Bilins are linear, open‐chain tetrapyrrole pigments found in the light‐harvesting antenna complexes known as phycobilisomes, which absorb in the spectral region from 550 to 650 nm. Phycobilisomes are well characterized structurally and spectroscopically and are one of the best understood of the various classes of antenna complexes. We will discuss them in more detail in Chapter 5.

Figure 4.13 Structures of two of the most common bilins: phycocyanobilin and phycoerythrobilin.

The bilins resemble a porphyrin that has been split open and twisted into a linear conformation. Indeed, the bilins are actually formed from heme groups in just this fashion, as described below. The structures of the two most commonly found bilins, phycocyanobilin, and phycoerythrobilin, are shown in Fig. 4.13. The bilins are bound to proteins known as biliproteins. The three main classes of biliprotein antenna complexes are allophycocyanin, phycocyanin, and phycoerythrin. Bilins are the only class of photosynthetic pigments that are covalently attached to proteins. They are linked by thioether bonds to specific cysteine amino acid residues. In most cases, a single thioether linkage on ring A is found, although a dual linkage at both ring A and ring D is found on some pigments in phycoerythrin (MacColl, 1998).

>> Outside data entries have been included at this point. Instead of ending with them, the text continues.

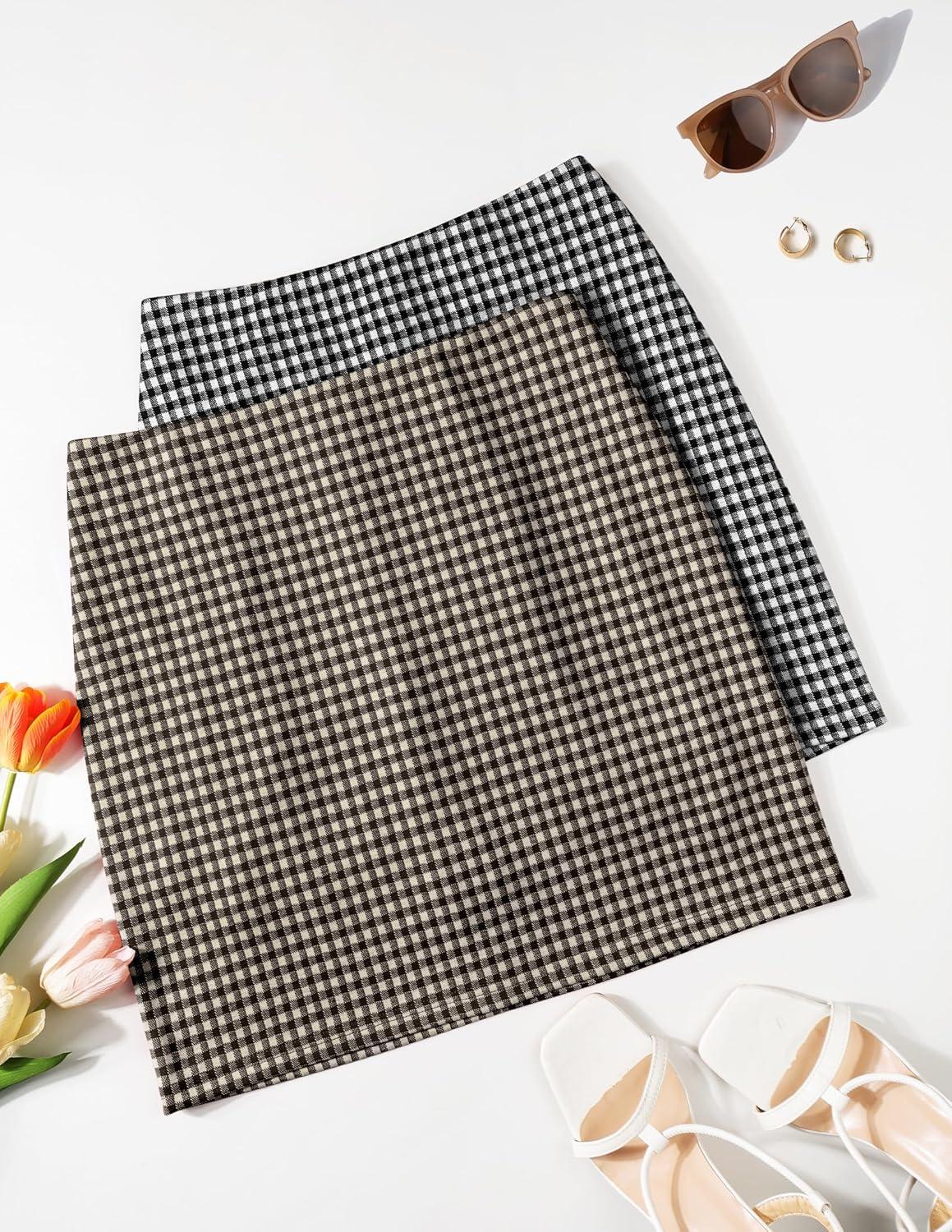 ZESICA Plaid Mini Skirt for Women 2025 Fall Winter High Waist A Line Bodycon Pencil Skirts Trendy(Black)
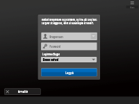 Afhængigt af indstillingerne for den visuelle meddelelse kan skærmen Visuel meddelelse blive vist inden login. For at logge på skal du først lukke skærmen Visuel meddelelse. Konfiguration af funktionen Visuel meddelelse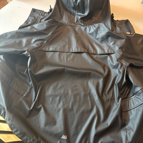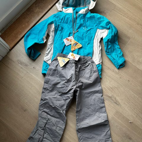 Svart regnsett. Jakke er av merket Skogstad med hette og bukse er av merke Helly Hansen med strikkregulering i livet og trykk-knapper på beina. Strl 140/10 år på begge delene.
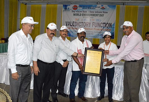 DIGBOI, June 6: The Indian Oil fraternity and the local populace of Digboi town came together to observe World Environment Day, 2018 with zeal. Employees showcased their concern for the cause based on the theme ‘Beat Plastic Pollution’ and pledged to protect the Earth’s biodiversity. Based on the theme, nearly 750 school children covering 32 schools in and around Digboi town came together at the Paragdhar Chaliha auditorium to translate their understanding of the theme through colours and artistic expressions. The All Assam State-level Quiz with prize money of Rs 48,000 attracted enthusiastic participation from the youth. A hoarding made with environment-friendly bamboo and minimized use of flex material was installed at an important public crossroad. This hoarding displayed the significant theme of World Environment Day, 2018. The activities for the day included tree plantation by the dignitaries at the Fire Training ground followed by release of fish fingerlings in the water body at Digboi Centenary Park. A cleanliness drive under Swachh Bharat Abhiyan too was undertaken at AOD New Market.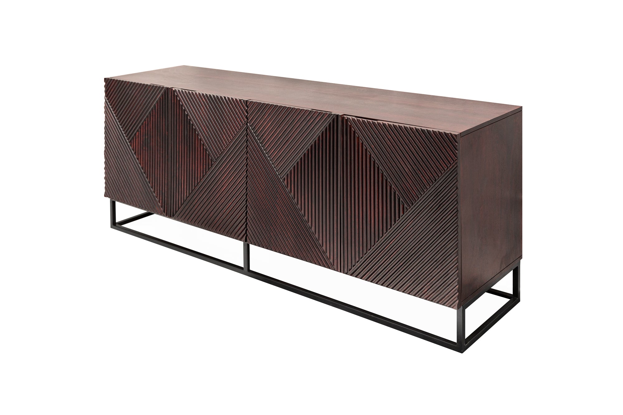 Komoda CREATIVO 177 cm to wyrazisty mebel o unikalnym, dekoracyjnym froncie, który wyróżnia się na tle klasycznych brył. Wykonana z litego drewna mango w ciepłym, brązowo-bordowym odcieniu, łączy naturalność materiału z nowoczesnym podejściem do designu.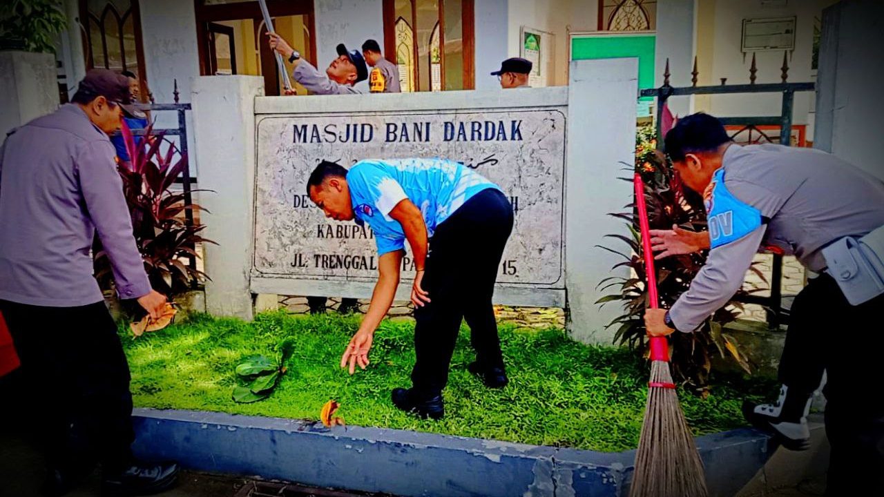 Foto; Masjid Bani Dardak di Desa Suruh, jadi sasaran program Jum’at ASRI personel Polsek Suruh (Mondes/Her) TRENGGALEK – Mondes.co.id | Mewujudkan Jumat ASRI (Aman, Sehat, Resik, dan Indah) sejumlah anggota kepolisian memenuhi halaman masjid Bani Dardak di Desa Suruh, Kecamatan Suruh, Trenggalek.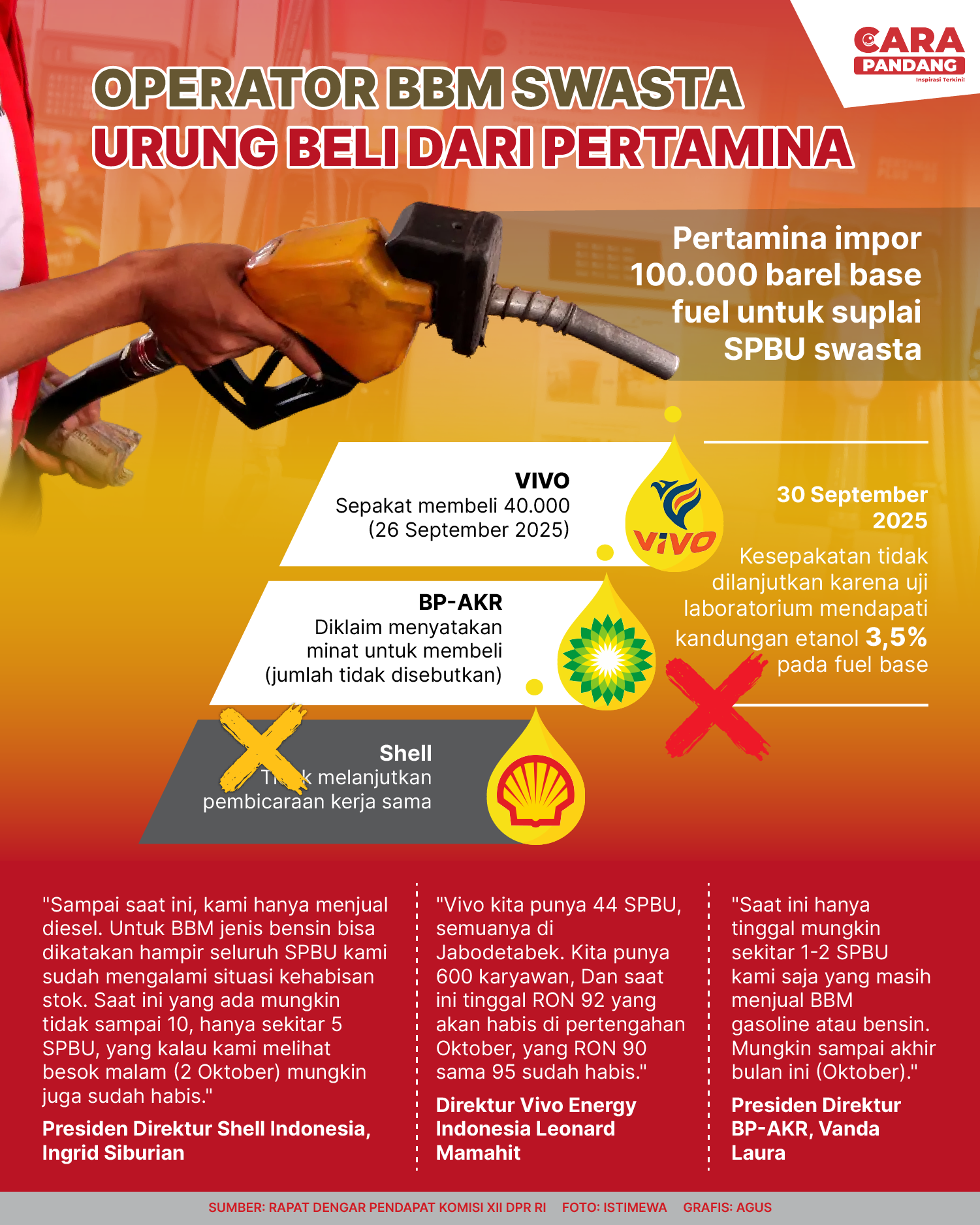 Beranda Infografis Operator BBM Swasta Urung Beli dari Pertamina Infografis Operator BBM Swasta Urung Beli dari Pertamina Penulis Amira Izzati - 05 Oktober 2025 06:31 0 Operator BBM Swasta Urung Beli dari Pertamina Tags Berita Sebelumnya Menkomdigi: PWI Harus Jadi Rumah Nyaman Bagi Wartawan dan Pers Berita Berikutnya Prabowo Sedang Pimpin Perang Besar Lawan Korupsi dan Penjarahan SDA Bangsa LEAVE A REPLY Cancel reply Comment: Please enter your comment! Name:* Please enter your name here Email:* You have entered an incorrect email address! Please enter your email address here Website: Save my name, email, and website in this browser for the next time I comment. Berita Teratas Berita Terkait Berita Terkait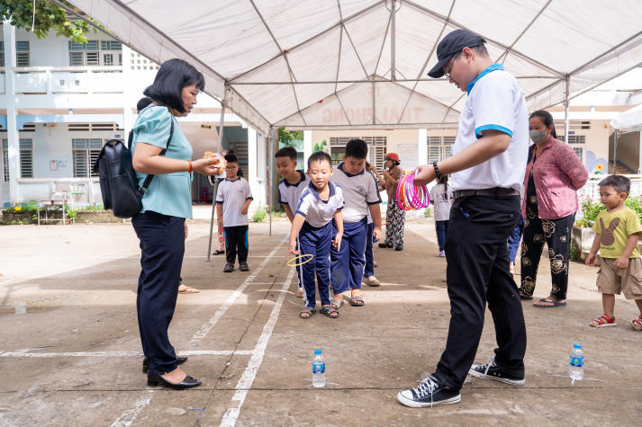 Các em nhỏ hào hứng tham gia các hoạt động do sinh viên Khoa Dược tổ chức
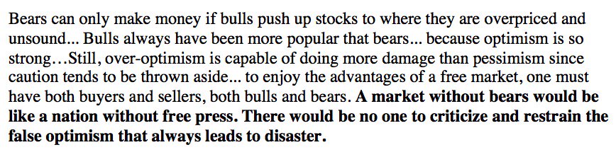 “A market without bears would be like a nation without free press” -Bernard Baruch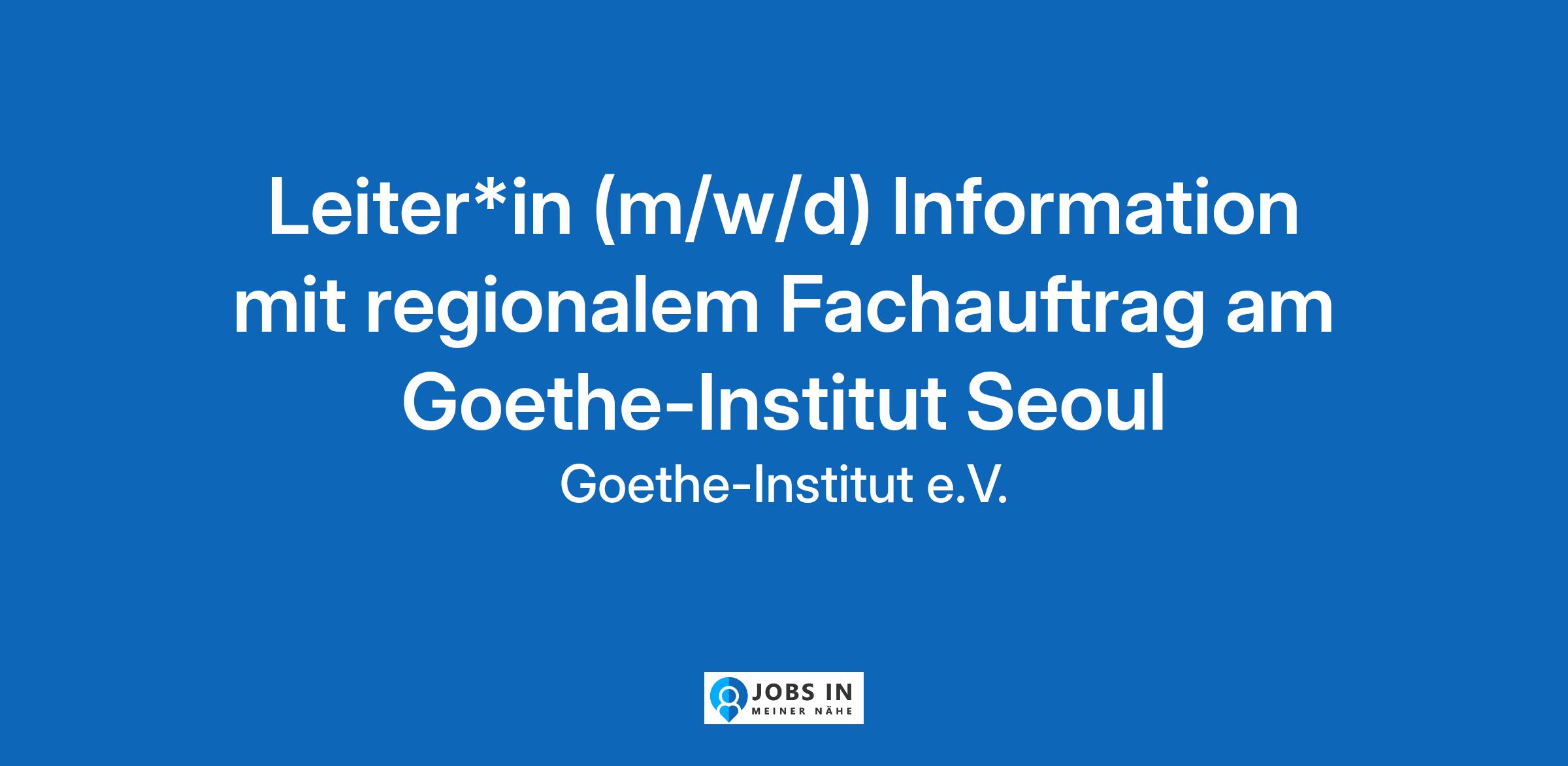 - Sie leiten das Team Information am Regionalinstitut und bernehmen die strategische Steuerung der Informationsarbeit am Goethe-Institut Seoul einschlielich der Entwicklung von Veranstaltungen, des Lnderportals Sdkorea und von Social Media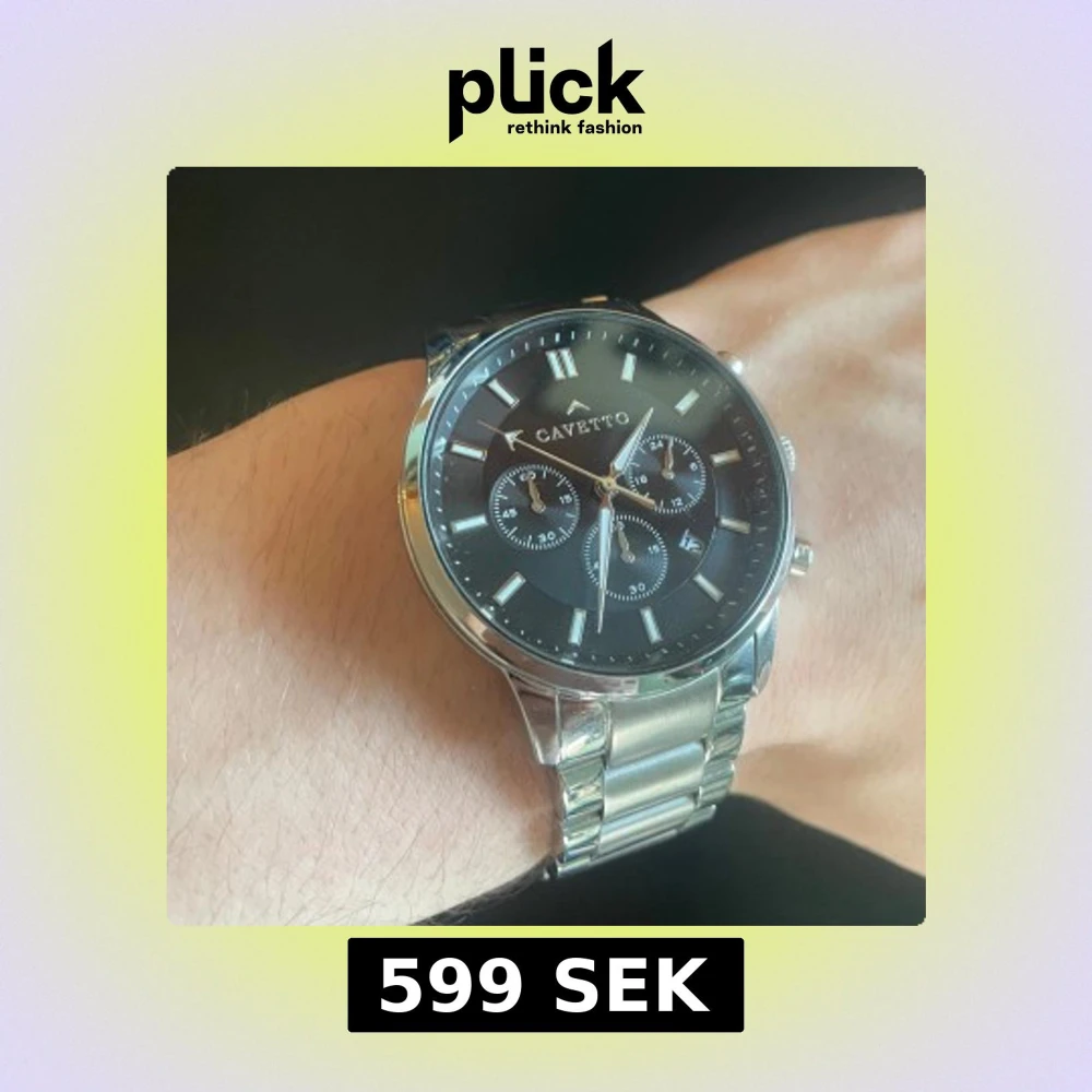 Snygg klocka från märket Cavetto. Klockan är mycket bra skick! Nästan nyskick! Bara använd några gånger. Den är rostfritt stål i ljus silvrig färg, köptes för 1299kr. Hör av er vid frågor!🔥🤝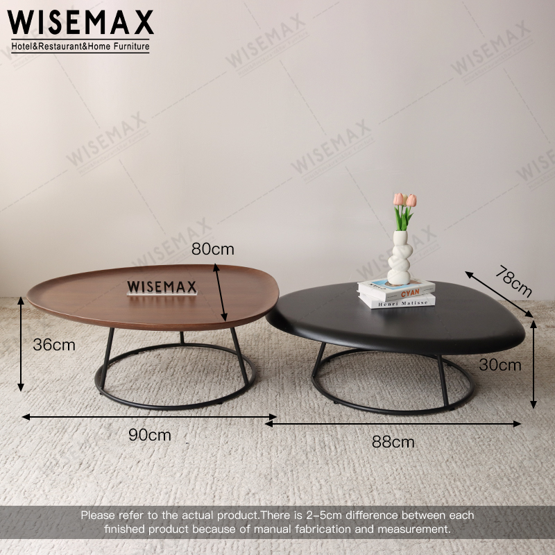 The coffee table is oversize design, the top can be about L90 or L80cm.The table top is made of solid walnut wood, it's concave-convex design.The base is round solid metal base to ensure the table to be stable and sturdy.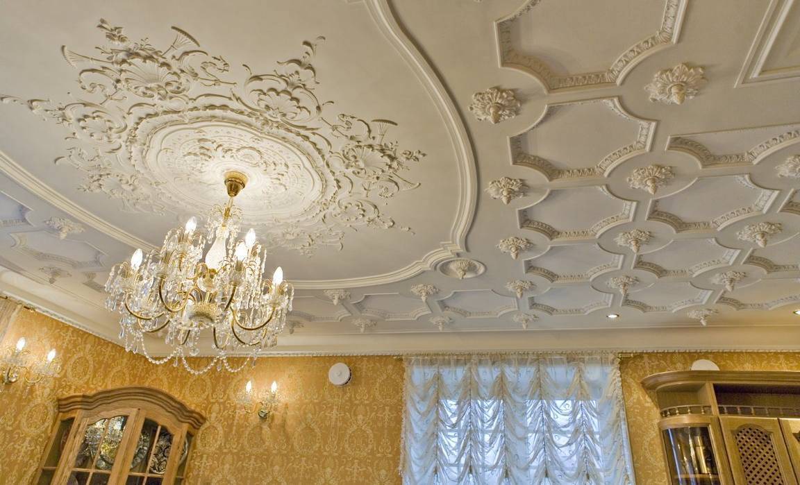 В каждой такой секции будет свой узор или мотив, выполненный в золотом цвете. Белый потолок и золотистые объемные узоры создадут обстановку роскоши в любой комнате.

The open‐chain tetrapyrrole bilin chromophores are made by a surprisingly complex pathway (Bryant et al., 2020). First, the protoporphyrin IX molecule is synthesized, as described above in the description of chlorophyll biosynthesis. This molecule is converted into a heme by insertion of Fe. The heme is then split open by the action of the enzyme heme oxygenase. Heme oxygenase requires both O₂ and NADPH as substrates, producing the molecule biliverdin, which is subsequently reduced, isomerized, and finally ligated to the apoprotein.